(Goal of the exercise) Transcribe the data that follows without changing a word, and omit the pictures.

(Data shown)

== Segment start ==

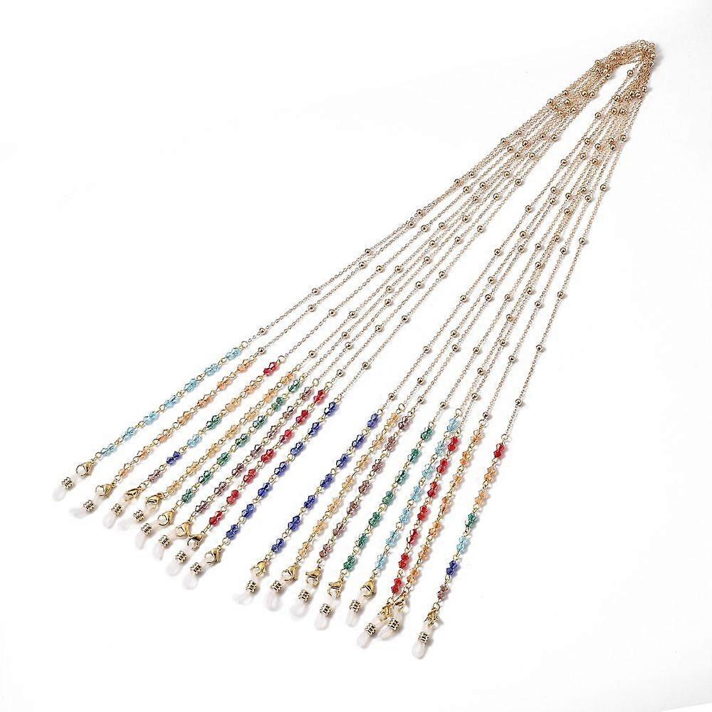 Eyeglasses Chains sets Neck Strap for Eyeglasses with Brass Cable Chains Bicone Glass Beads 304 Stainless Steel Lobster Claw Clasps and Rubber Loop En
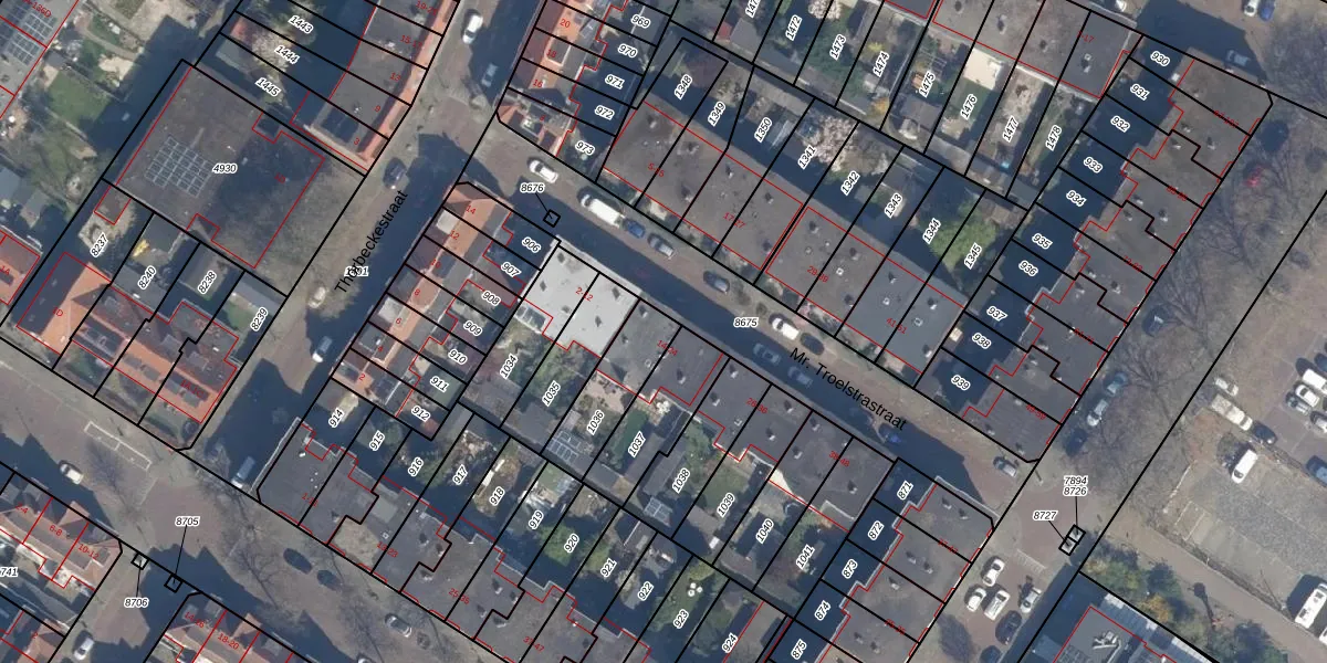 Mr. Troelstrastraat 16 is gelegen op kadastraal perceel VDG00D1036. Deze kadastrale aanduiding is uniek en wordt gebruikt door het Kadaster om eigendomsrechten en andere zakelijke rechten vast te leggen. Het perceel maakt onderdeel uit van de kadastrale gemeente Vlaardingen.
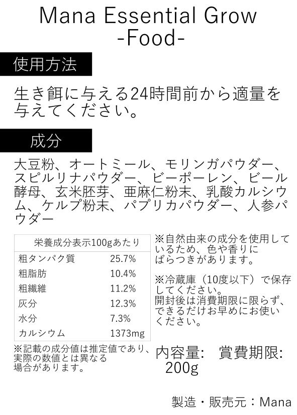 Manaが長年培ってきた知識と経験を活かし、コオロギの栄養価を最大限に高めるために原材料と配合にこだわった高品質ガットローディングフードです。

== Segment end ==

(Written response)
 Eyeglasses Chains sets Neck Strap for Eyeglasses with Brass Cable Chains Bicone Glass Beads 304 Stainless Steel Lobster Claw Clasps and Rubber Loop En
 Mr. Troelstrastraat 16 is gelegen op kadastraal perceel VDG00D1036. Deze kadastrale aanduiding is uniek en wordt gebruikt door het Kadaster om eigendomsrechten en andere zakelijke rechten vast te leggen. Het perceel maakt onderdeel uit van de kadastrale gemeente Vlaardingen.
 Manaが長年培ってきた知識と経験を活かし、コオロギの栄養価を最大限に高めるために原材料と配合にこだわった高品質ガットローディングフードです。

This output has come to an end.